Sekretaris Jenderal (Sekjen) Kementerian ATR/BPN, Suyus Windayana mengatakan, salah satu langkah yang dilakukan saat ini ialah mempermudah warga asing untuk memiliki properti di Indonesia.
“Pemerintah yakin dengan kehadiran warga negara asing yang melakukan aktivitas di Indonesia bisa meningkatkan daya saing Indonesia,” ujarnya dalam acara Sosialisasi Regulasi Kepemilikan Hunian untuk Orang Asing di Jakarta, Kamis (3/8/2023).
Dia menjelaskan, dengan mudahnya para investor dari luar negeri untuk memiliki properti di Indonesia maka akan tercipta multiplier effect seperti terbukanya lowongan pekerjaan, menekan angka kemiskinan, hingga terciptanya kemakmuran. Oleh karena itu, pemerintah berupaya untuk mendukung hal tersebut.

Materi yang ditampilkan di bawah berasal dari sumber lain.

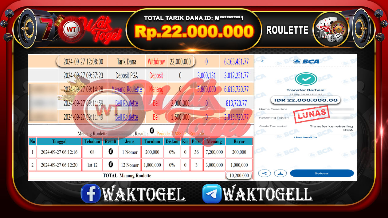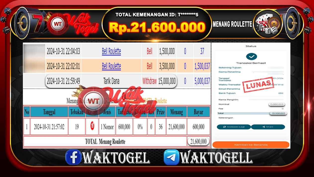 Bukti Pembayaran Jackpot Waktogel Untuk SLOT, TOGEL , LIVECASINO
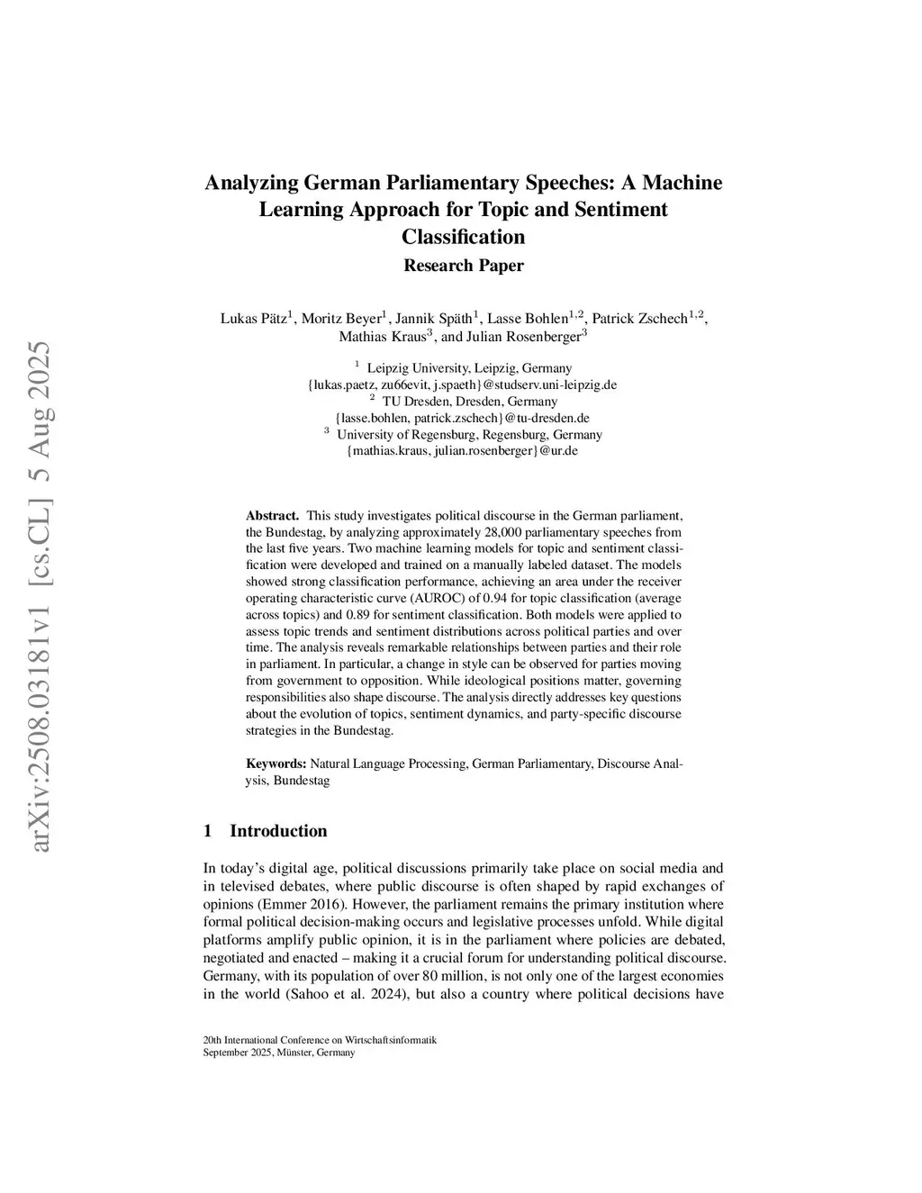 Analyzing German Parliamentary Speeches: A Machine Learning Approach for Topic and Sentiment Classification
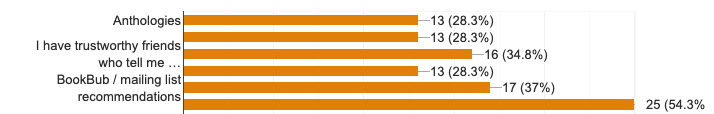 Also-boughts, anthologies, and 99c surprises rank equal at 28% each. What’s curious about this is anthologies used to be the gas that powered our empires, but less so now. It’s tricky to know why this is, although my hunch is the market’s been swamped by anthologies once someone said it was the best way to get your USA Today bestseller tag. There was a significant number of free-text answers (>10%) from people saying they browsed retailers, or Goodreads, looking through bestseller lists, reviews, and similar: social selling appears to still be a neat thing, but more time consuming to access.
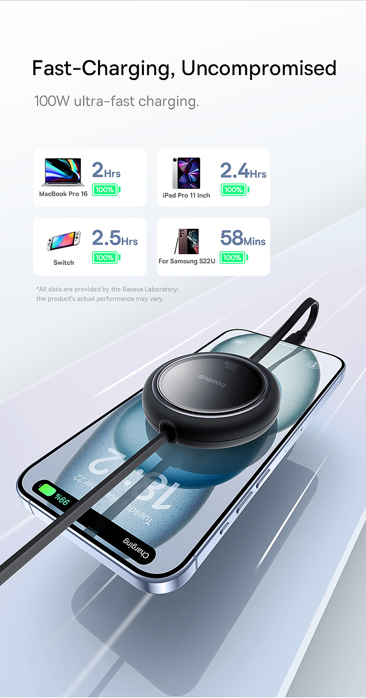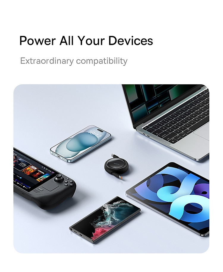 Công Suất 100W: Với công suất lên đến 100W, sản phẩm này hỗ trợ sạc nhanh và mạnh mẽ cho cả laptop và các thiết bị di động.
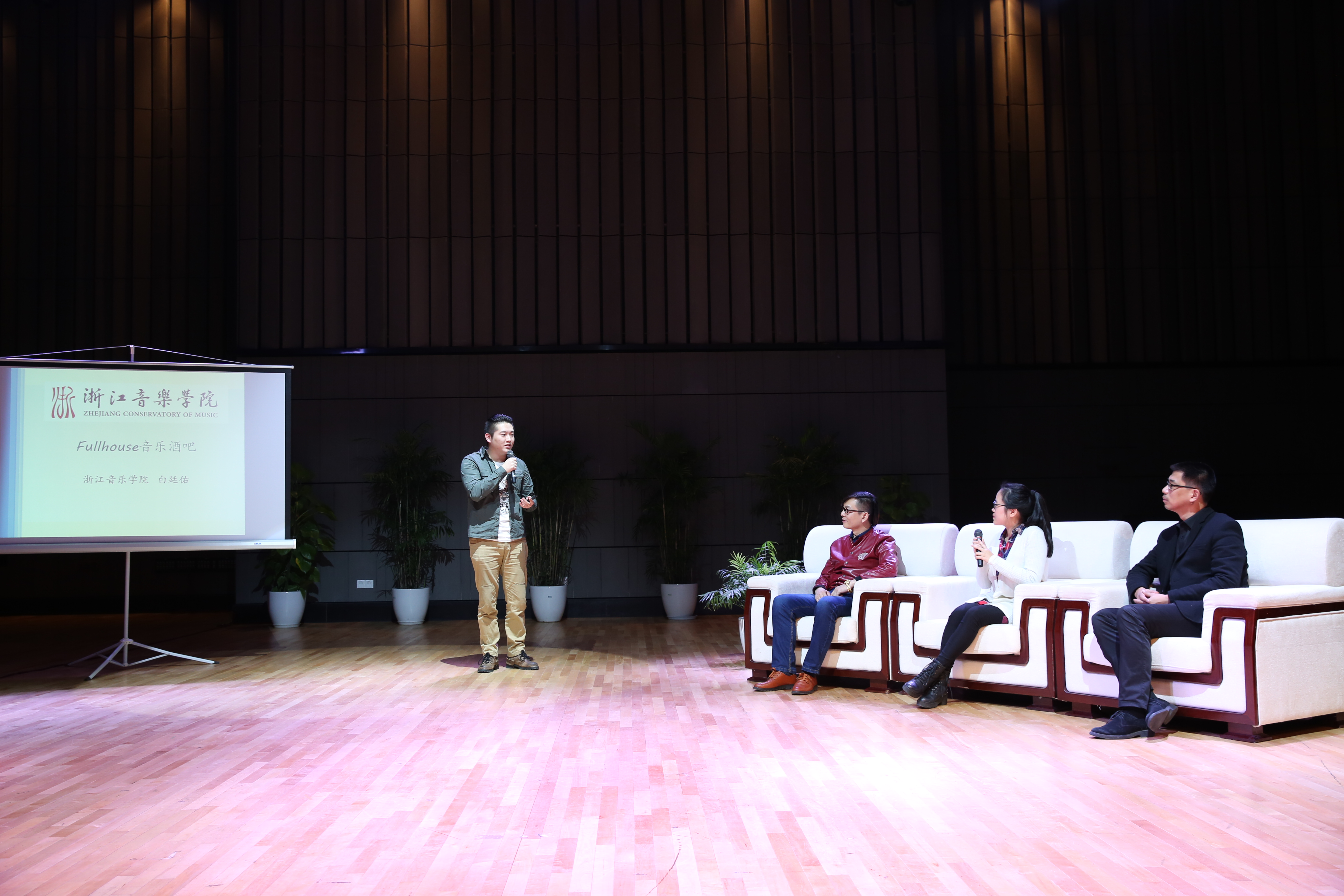 我院“音乐伴随成长——艺梵文化”、“帕特·一月艺术实践中心”、“艺雅音乐制作有限公司”、“音乐易学课堂”、“浙音里音乐主题咖啡馆”、“Fullhouse音乐酒吧”等6个学生创业团队进行了各自创业项目展示,他们由来自作曲与指挥系、音乐教育系、声歌系、国乐系、管弦系、流行音乐系的本科生及研究生组成,创业项目涉及教育、培训、餐饮、娱乐等行业。经过激烈竞争,最终4个创业团队与导师成功结对。
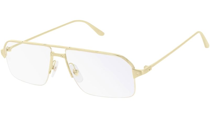 Formato navegador com meio aro para um design com uma estetica marcante e reconhecivel Decoracao com parafusos emblematica, simbolo da colecao Santos de Cartier, na parte superior plana, ponte e hastes como uma parte estetica do elemento Hastes leves e sofisticadas com logotipo Cartier gravado, assinatura com decoracao Duplo C nas plaquetas e acabamento precioso em platina e ouro

Kondisi ini juga didukung oleh tingginya minat investor untuk menanamkan modalnya di negara-negara Asia Tenggara beberapa tahun belakangan.
“Indonesia memiliki potensi besar untuk menarik pangsa pasar asing karena Indonesia memiliki pasar yang sangat besar dan panorama alam yang sangat indah, terutama di tiga destinasi, yakni Jakarta, Batam, dan Bali,” tutur Suyus Windayana.
Sejauh ini beberapa aturan telah dikeluarkan demi mempermudah proses kepemilikan aset bagi warga asing. Salah satunya ialah saat ini warga asing yang memenuhi syarat bisa memiliki hak berjangka seperti Hak Pakai dan Hak Guna Bangunan (HGB).
Namun, Sekjen Kementerian ATR/BPN menyampaikan, masih ada beberapa kendala yang menghambat warga asing untuk memiliki properti di Indonesia.
“Hambatannya pertama, saat ini orang asing yang mau beli rumah harus punya Kartu Izin Tinggal Terbatas (KITAS) dan Kartu Izin Tinggal Tetap (KITAP), kemudian harus di atas Hak Pakai untuk yang satuan rumah susun, ini yang akan kita hilangkan. Lalu, ada di beberapa daerah yang di aplikasinya harus punya Nomor Induk Kependudukan (NIK), sementara orang asing kan tidak punya, hal-hal ini harus kita sesuaikan,” pungkas Suyus Windayana.